The origin of public interest theory can be traced to Pigou. I think land use control is based on that theory. However, economists appear to be more interested in public choice theories in recent decades. That also has implications to land use control and might be the key to understanding corruption in land use control.
There are issues that should be addressed through land use controls. These issues have their basis in technological external diseconomies (and economies). Specifically, we are addressing pollution (such as air and water quality differentials), noise, and congestion. Assertions about public "interest" that are found without reference to these diseconomies should not be considered as serious.
As Feng Deng has explained, there is a line of knowledge about public interest deriving from economics. Summarised rather loosely, this holds that the public interest is served by well-functioning competitive markets, so long as externalities, such as those identified by Peter Colwell, are accommodated.
There is a separate line of scholarship deriving from public administration studies. I summarised this work in my own doctoral dissertation. I argued that there are different meanings of the term. I argued that the term is always contextual (depends upon culture and circumstances of the particular polity being studied) but is never meaningless and that there are solid foundations on which a government can formalise an understanding of the public interest at a point in time for a particular purpose.
Dealing with the nature of land use regulation (rather than the nature of public interest as above), a departmental paper that I wrote a few years ago may be helpful. This is in the public domain. All of the ex-English colonies, including Australia and many African countries, follow broadly similar concepts of land tenure.
The paper explains that land use regulation or development control is a regulatory imposition that constrains (limits, restricts or shapes) the property rights that titleholders would otherwise exercise.

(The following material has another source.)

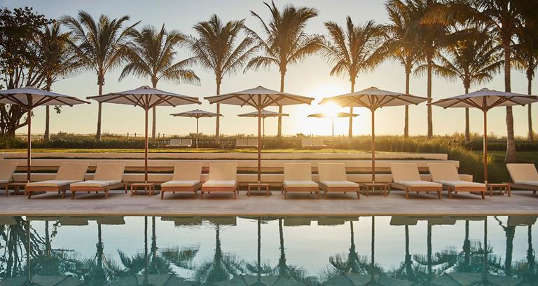 On first sight, this contemporary retreat belies the marque’s signature historic-meets-glamour vibe. In the 1930s, the original Miami Beach venue was often frequented by “Cabana Row” aristocrats (Sinatra among them), plus a paintbrush-in-hand Winston Churchill. And while it’s true the Four Seasons’ abundant array of Joseph Dirand-outfitted guest rooms have high-tech draws, such as 55-inch flatscreen TVs and bedside charging stations, the real treat are the nostalgic Cabana Studios, replete with terrazzo floors and modish wooden deck lanais.

An ethic of public interest can be applied by the government at any stage of the process, right from the initial allocation of land. If the land was alienated from public control many years ago, then land use regulation/development control is the most effective method of giving effect to the public interest as it is the most powerful way of limiting private entrepreneurial ambition. An ethic of public interest can derive from the professional training of the regulators, from the legislation, from policies endorsed by the leaders and by the norms and practices of the public officers that apply the land use regulation. Any one of these sources can become corrupted, but operatives in any one of these sources can make a difference by applying an ethic of public interest as best they can.